- Flag Coat of arms
- Location of the Province of Albacete in Spain
- Coordinates: 38°50′N 2°00′W﻿ / ﻿38.833°N 2.000°W
- Country: Spain
- Autonomous community: Castilla–La Mancha
- Capital: Albacete
- Municipalities: 87 (list)

Government
- • Type: Diputación
- • Body: Provincial Deputation of Albacete [es]
- • President: Santiago Cabañero Masip (PSOE)

Area
- • Total: 14,931.74 km^{2} (5,765.18 sq mi)
- • Rank: 9th in Spain
- 3.0% of Spain
- Highest elevation (La Atalaya [es]): 2,083 m (6,834 ft)

Population (2025)
- • Total: 390,751
- • Rank: 34th in Spain
- • Density: 26.1692/km^{2} (67.7778/sq mi)
- 0.8% of Spain
- Demonym(s): Albaceteño/-a, albacetense
- Time zone: UTC+1 (CET)
- • Summer (DST): UTC+2 (CEST)
- Website: dipualba.es

= Province of Albacete =

Province of Spain

The Province of Albacete (Provincia de Albacete /es/) is a province of central Spain, in the southern part of the autonomous community of Castile–La Mancha. Its capital, the homonymous city of Albacete, is 262 km by road southeast of Madrid.

The province has a population of 390,751 in an area of 14931.74 km2 across its 87 municipalities.

==History==
The territory occupied by the province of Albacete has been inhabited since ancient times, as evidenced by cave paintings in the Cueva del Niño and Cueva de la Vieja. In Roman times, the territory of the present province of Albacete was part of Carpetania and Celtiberia, Contestania, Bastetania and Oretania. The Romans built a significant settlement at Libisosa, and during the age of the Visigoths, Tolmo de Minateda grew in prominence.

During the Muslim era, territories of the province were under different zones of influence, and numerous farmhouses, castles and watchtowers developed to fight off invaders. A number of battles were held here in the Middle Ages, and on April 25, 1707, the Battle of Almansa was held in the vicinity of the town of Albacete, a major Spanish battle which culminated in the triumph of Philip V who ascended to the throne, establishing the monarchy for the House of Bourbon in Spain.

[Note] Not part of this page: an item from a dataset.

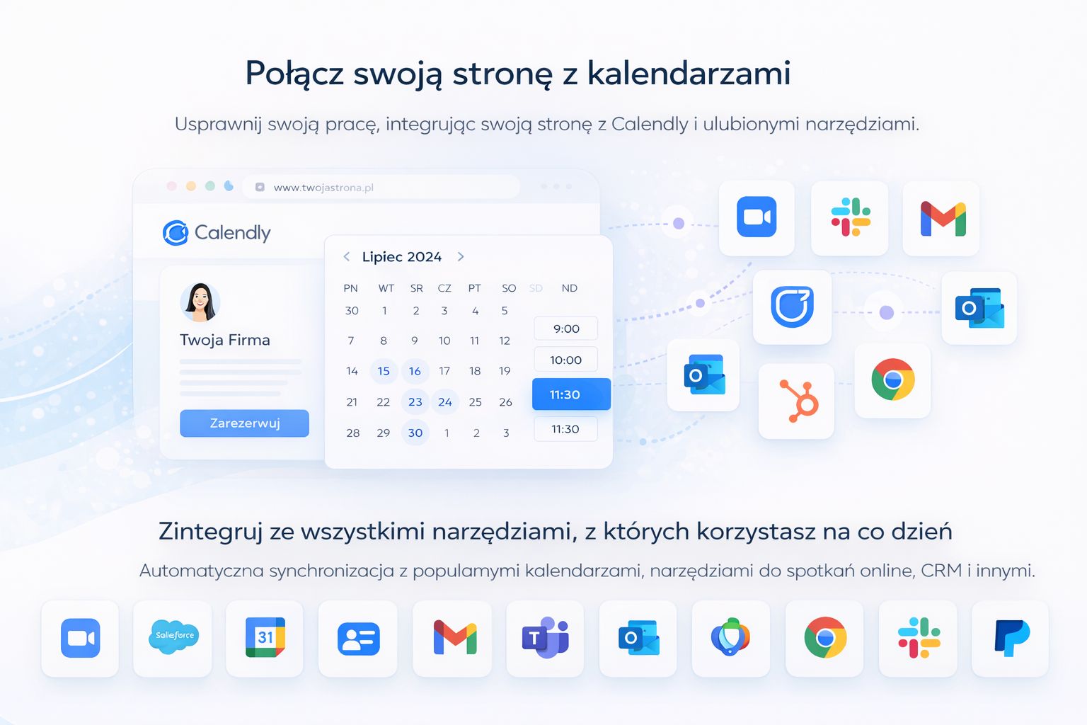 Strona24.pl to kreator stron www, który pozwala szybko stworzyć nowoczesną stronę bez znajomości programowania i posiada moduł integracji z Calendly. Calendly to narzędzie do automatycznego umawiania spotkań online, które synchronizuje się z Twoim kalendarzem i ułatwia zarządzanie dostępnością.

In 1822, the short-lived Province of Chinchilla was created, composed of municipalities in the provinces of La Mancha, Cuenca and the Kingdom of Murcia. Its capital at Chinchilla de Monte-Aragón, very close to the city of Albacete, would be the basis on which the province of Albacete was created in 1833 as dictated by Javier de Burgos. Following the adoption of the Constitution in 1978, the province of Albacete joined the Castile-La Mancha Region from the Murcia Region, and its Statute of Autonomy was approved in 1982.

==Geography==
Located in the southeast of the Central Plateau, the province of Albacete is bordered by the provinces of Granada, Murcia, Alicante, Valencia, Cuenca, Ciudad Real and Jaén. The province is divided into 87 municipalities and seven judicial districts. Its seat of government is Albacete. Other important towns (with more than 10,000 inhabitants) are: Hellín, Villarrobledo, Almansa, La Roda and Caudete. The main river of the province is the Jucar river, which crosses the province in the northeast, renowned for its deep gorges and trees. The Lagunese de Ruidera flows in the west. Other rivers of note include the Cabriel on the far northeastern border, the Salobral, Navalcudi, and Tajo-Segura in the central part, the Corcoles in the northwest, and the Guadalmena, Mundo, Tus, Segura, and Taibilla rivers in the south. It is also home to seasonal rivers, including Abengibre Creek. The highest point of the province is La Atalaya standing at 2083 metres above sea level in the Sierra de las Cabras.

=== Municipalities ===

The province has 87 municipalities:

- Abengibre
- Alatoz
- Albacete
- Albatana
- Alborea
- Alcadozo
- Alcalá del Júcar
- Alcaraz
- Almansa
- Alpera
- Aýna
- Balazote
- El Ballestero
- Balsa de Ves
- Barrax
- Bienservida
- Bogarra
- Bonete
- El Bonillo
- Carcelén
- Casas de Juan Núñez
- Casas de Lázaro
- Casas de Ves
- Casas-Ibáñez
- Caudete
- Cenizate
- Chinchilla de Monte-Aragón
- Corral-Rubio
- Cotillas
- Elche de la Sierra
- Férez
- Fuensanta
- Fuente-Álamo
- Fuentealbilla
- La Gineta
- Golosalvo
- Hellín
- La Herrera
- Higueruela
- Hoya-Gonzalo
- Jorquera
- Letur
- Lezuza
- Liétor
- Madrigueras
- Mahora
- Masegoso
- Minaya
- Molinicos
- Montalvos
- Montealegre del Castillo
- Motilleja
- Munera
- Navas de Jorquera
- Nerpio
- Ontur
- Ossa de Montiel
- Paterna del Madera
- Peñas de San Pedro
- Peñascosa
- Pétrola
- Povedilla
- Pozo Cañada
- Pozohondo
- Pozo-Lorente
- Pozuelo
- La Recueja
- Riópar
- Robledo
- La Roda
- Salobre
- San Pedro
- Socovos
- Tarazona de la Mancha
- Tobarra
- Valdeganga
- Vianos
- Villa de Ves
- Villalgordo del Júcar
- Villamalea
- Villapalacios
- Villarrobledo
- Villatoya
- Villavaliente
- Villaverde de Guadalimar
- Viveros
- Yeste

==Demographics==
As of 2025, the population is 390,751, of which 50.2% are male, and 49.8% are female. Minors make up 16.1% of the population, and seniors make up 20.8%.

=== Immigration ===
As of 2025, immigrants make up 11.8% of the population. The 5 largest foreign countries of birth are Morocco, Colombia, Romania, Bolivia, and Ecuador.

==Economy==

In 2020, the total value of products produced in Albacete was .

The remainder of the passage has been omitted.